Disaster recovery and failover for Azure Files

Here’s a concise summary of the article on disaster recovery and failover for Azure Files.

Overview

Azure recommends having a disaster recovery (DR) plan for regional outages. An important DR action is failing over a storage account to its secondary region when the primary endpoint becomes unavailable.
Azure File Sync requires the Storage Sync Service to also be failed over because it must be in the same region as the storage account. If only the storage account is failed over, sync and cloud tiering will fail until the Storage Sync Service is failed over.

Applies to

The document enumerates supported combinations of management model, billing model, media tier and redundancy for SMB and NFS access (table in original).

Key concepts

Customer-managed failover: You (the customer) can initiate failover of a geo-redundant storage account (GRS/GZRS) to the secondary region if the primary becomes unavailable. After failover completes, the secondary becomes the new primary and clients can use it.
Azure-managed failover: In extreme disasters, Microsoft may initiate a regional failover. No action is required from you; during the failover you might not have write access.

RPO, RTO, and costs

DR planning requires understanding recovery point objective (RPO — how much data loss is tolerable) and recovery time objective (RTO — how quickly services must be restored).
Lower RPO/RTOs generally mean higher DR cost.

Choosing redundancy

Azure Files supports LRS and ZRS for all shares. GRS and GZRS are supported for HDD file shares and enable account failover for regional outages.
SSD (premium) file shares do not support GRS/GZRS. To get geographic redundancy for SSD shares, consider syncing between two file shares (link in original).
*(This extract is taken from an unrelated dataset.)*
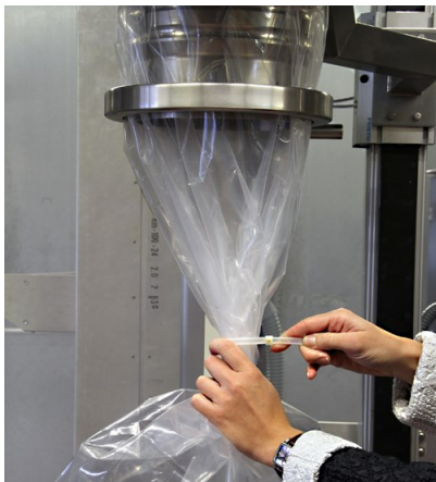
Endlossack formen, Clipband umlegen und manuell anziehen.

How account failover works

Normally, data is written in primary and asynchronously replicated to secondary.
If the primary endpoint is unavailable, you can initiate failover. The failover updates the Storage DNS so the secondary becomes primary. Typical duration is about an hour; suspend workloads if possible.
After failover, file handles and leases are not retained — clients should unmount and remount shares.
Important: after failover, the storage account in the new primary region is configured as locally redundant. To resume geo-replication, reconfigure geo-redundancy (which incurs time and cost).

Anticipate data loss

Because replication is asynchronous, recent writes not yet replicated to the secondary can be lost when you force failover.
All data replicated to the secondary is retained; any primary-only writes not yet replicated are lost.

Last Sync Time (LST)

The Last Sync Time indicates the most recent time data from primary is guaranteed replicated to secondary. Use LST to estimate potential data loss before failing over or failing back.
A system snapshot is made every ~15 minutes and replicated, but the snapshot in the secondary might be older due to geo-lag.
You can query LST via Azure PowerShell, Azure CLI, or client libraries (link in original).

Failback caution

After failing over, the account becomes LRS in the new primary. When you re-enable geo-redundancy, the new primary starts copying back to the old primary (now new secondary). If you fail back before data has fully re-replicated, you can lose a lot of data.
Always check Last Sync Time and compare with recent writes before failing back.
After failback, you can reconfigure redundancy (LRS→GRS or ZRS→GZRS as appropriate) — this takes time and cost.

How to initiate failover

You can initiate account failover from Azure portal, PowerShell, CLI, or the Azure Storage resource provider API (link in original).